Site icon Wonderful Engineering

This New Battery Made Of Aluminum, Sulfur And Salt Is Fast, Safe And Provides Low-Cost

Engineers at MIT have come up with a new battery design created with common materials – aluminum, sulfur, and salt. The battery is low-cost and resistant to fire and failures. It can be charged very fast, which could make it useful for powering a home or charging electric vehicles.

Lithium-ion batteries have been the most used batteries for the last few decades due to their reliability and high energy density. However, lithium is becoming scarcer and more expensive, and the cells can be dangerous, exploding or bursting into flames if damaged or improperly used.

After a search and some trial and error, the team from MIT settled on aluminum for one electrode and sulfur for the other, topped off with an electrolyte of molten chloro-aluminate salt. These materials are more economical and safer.

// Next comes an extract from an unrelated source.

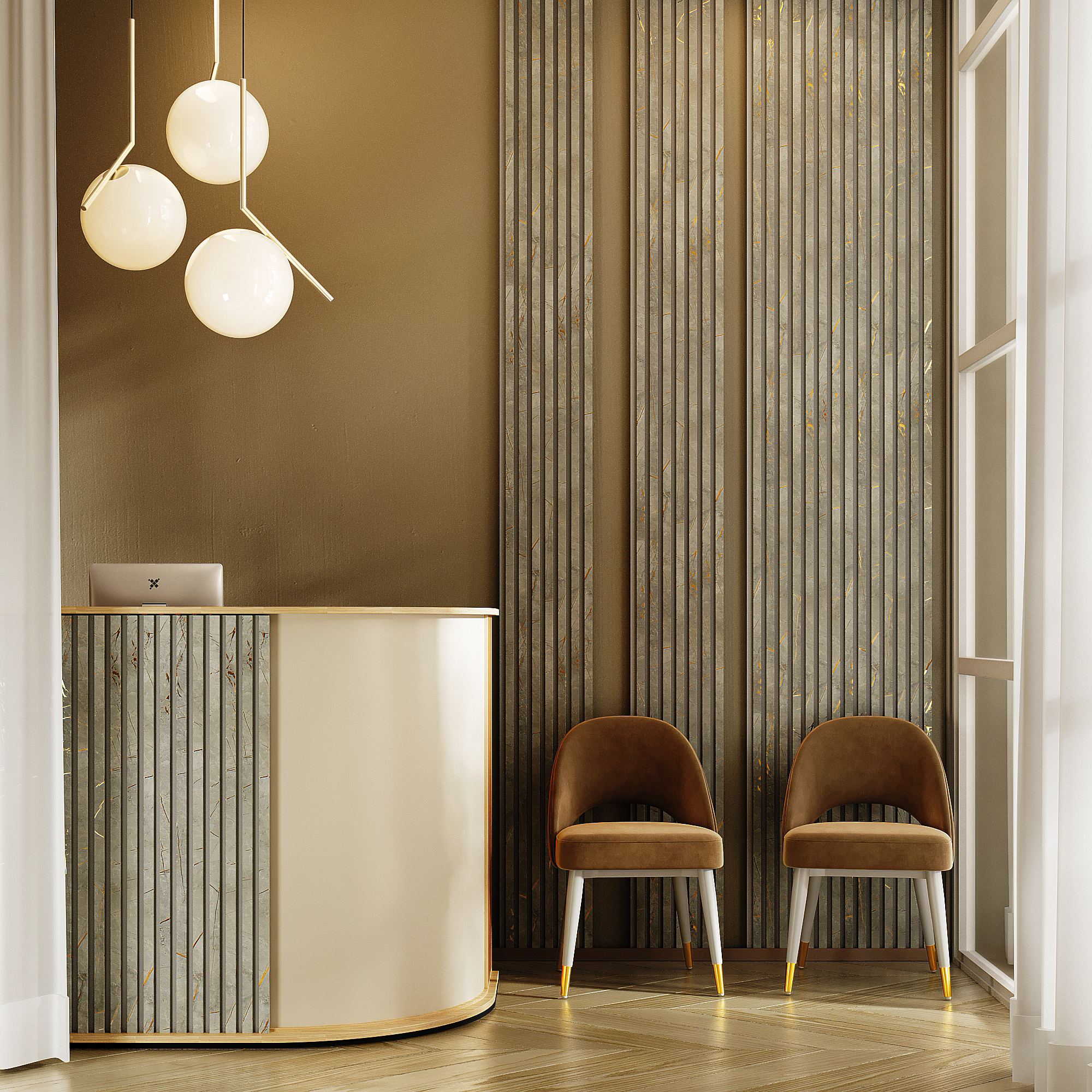 Adauga eleganta si functionalitate spatiului tau cu un panou decorativ acustic tip riflaj, realizat din MDF premium si montat pe un suport PET netesut reciclat. Cu un finisaj sofisticat si un design modern, acest panou este ideal pentru perete sau tavan, in locuinte, birouri sau spatii comerciale. Structura sa acustica ajuta la reducerea zgomotului ambiental, oferind in acelasi timp un aspect vizual rafinat. Se instaleaza usor (multiple variante de fixare: adeziv, holsuruburi, etc) si permite acoperirea suprafetelor fara imbinari vizibile, asigurand un rezultat continuu si uniform. Este o alegere excelenta pentru cei care doresc sa imbina designul contemporan cu un produs sustenabil, realizat in Uniunea Europeana din materiale reciclabile. Specificatii generale Tip produs: Panou decorativ acustic Material lamele: MDF E1 Material suport: Feltru PET reciclat Finisaj: Marmura cu insertii aurii (folie continua pe margini) Culoare suport: Negru Dimensiuni: 260 x 40 x 2 cm (L x l x grosime) Montaj: Pe perete sau tavan Utilizare: Interior (locuinte birouri comerciale studiouri) Caracteristici principale Design modern ideal pentru amenajari elegante sau minimaliste Fonoabsorbant reduce zgomotul ambiental si reverberatiile Instalare rapida fara imbinari vizibile intre panouri Produs non-toxic realizat din materiale certificate EU Fabricat integral in Uniunea Europeana Potrivit pentru dormitor living hol birou sau bucatarie Materiale ecologice cu impact redus asupra mediului Transport si ultilizare: ambalarea si livrarea poate fi facuta in cutii de carton care pot contine pana la 3 bucati, indiferent daca achizitia este facuta la nivel de bucata sau set; Produsul este destinat strict pentru interiorul locuintelor (nu exterior) si acesta nu trebuie montat in zone cu umiditate mare (gen: bai)

The team proved with their tests that the new battery cells could tolerate hundreds of charge cycles, and charge very quickly – in some experiments, less than a minute. The cells would cost just one-sixth of the price of a similar-sized lithium-ion cell.

They can not only operate at high temperatures of up to 200 °C (392 °F) but they work better when hotter – at 110 °C (230 °F), the batteries charged 25 times faster than they did at 25 °C (77 °F). The battery doesn’t need any external energy to reach this elevated temperature.

The salt in the electrolyte has a low melting point and has another benefit of preventing the formation of dendrites. These metal tendrils, which gradually grow between the two electrodes until they cause a short circuit, are a major hurdle for batteries, particularly lithium-ion cells.

The team says that this battery design would be best suited to the scale of a few dozen kilowatt-hours, like powering an individual home from renewable sources. They could also be useful as charging stations for electric vehicles, thanks to their rapid charging.

The patents for the aluminum-sulfur batteries have been licensed to a spinoff company called Avanti, co-founded by one of the authors of the study describing the design.

The research was published in the journal Nature.